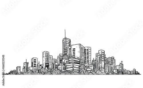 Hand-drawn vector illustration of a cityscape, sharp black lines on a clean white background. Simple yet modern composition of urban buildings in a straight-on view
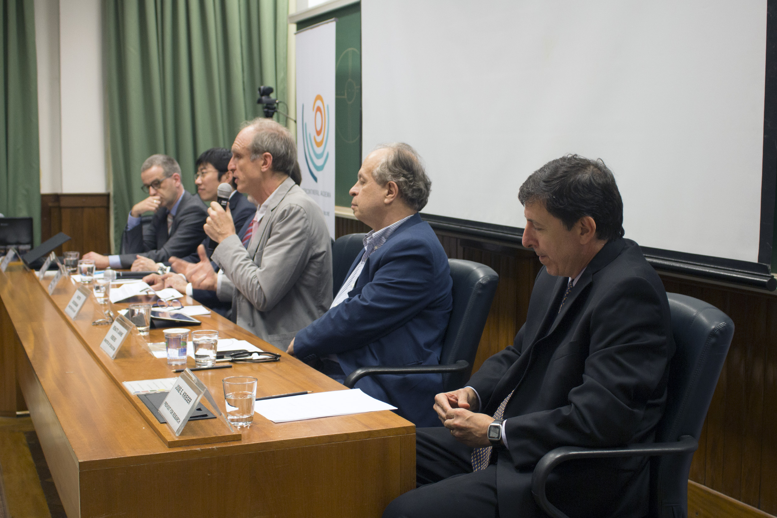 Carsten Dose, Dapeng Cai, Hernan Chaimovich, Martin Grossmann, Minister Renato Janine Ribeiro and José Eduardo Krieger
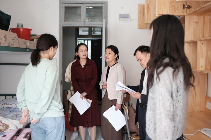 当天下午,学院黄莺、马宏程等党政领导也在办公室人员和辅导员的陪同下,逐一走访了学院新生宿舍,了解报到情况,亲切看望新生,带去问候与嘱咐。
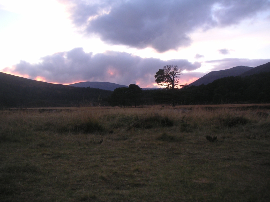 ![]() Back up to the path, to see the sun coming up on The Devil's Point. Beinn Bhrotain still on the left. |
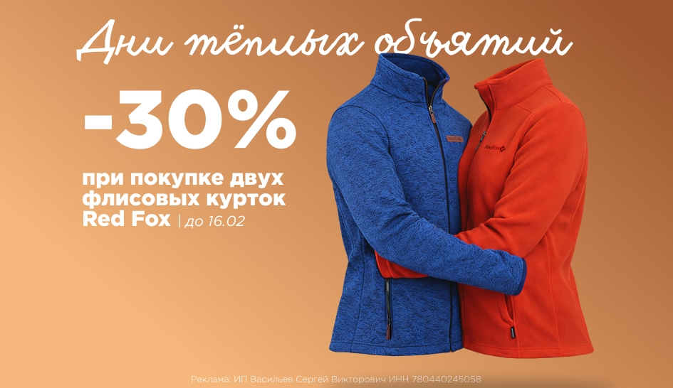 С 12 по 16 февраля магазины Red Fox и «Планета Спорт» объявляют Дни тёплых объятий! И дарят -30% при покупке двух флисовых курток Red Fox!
◆ ◆ ◆
Brief |
Here the lines from the one with "当天下午,学院黄莺、马宏程等" through the last line of the data above need to be repeated exactly, both included, and any picture omitted.

Response |
 当天下午,学院黄莺、马宏程等党政领导也在办公室人员和辅导员的陪同下,逐一走访了学院新生宿舍,了解报到情况,亲切看望新生,带去问候与嘱咐。
 ![]() Back up to the path, to see the sun coming up on The Devil's Point. Beinn Bhrotain still on the left. |
 С 12 по 16 февраля магазины Red Fox и «Планета Спорт» объявляют Дни тёплых объятий! И дарят -30% при покупке двух флисовых курток Red Fox!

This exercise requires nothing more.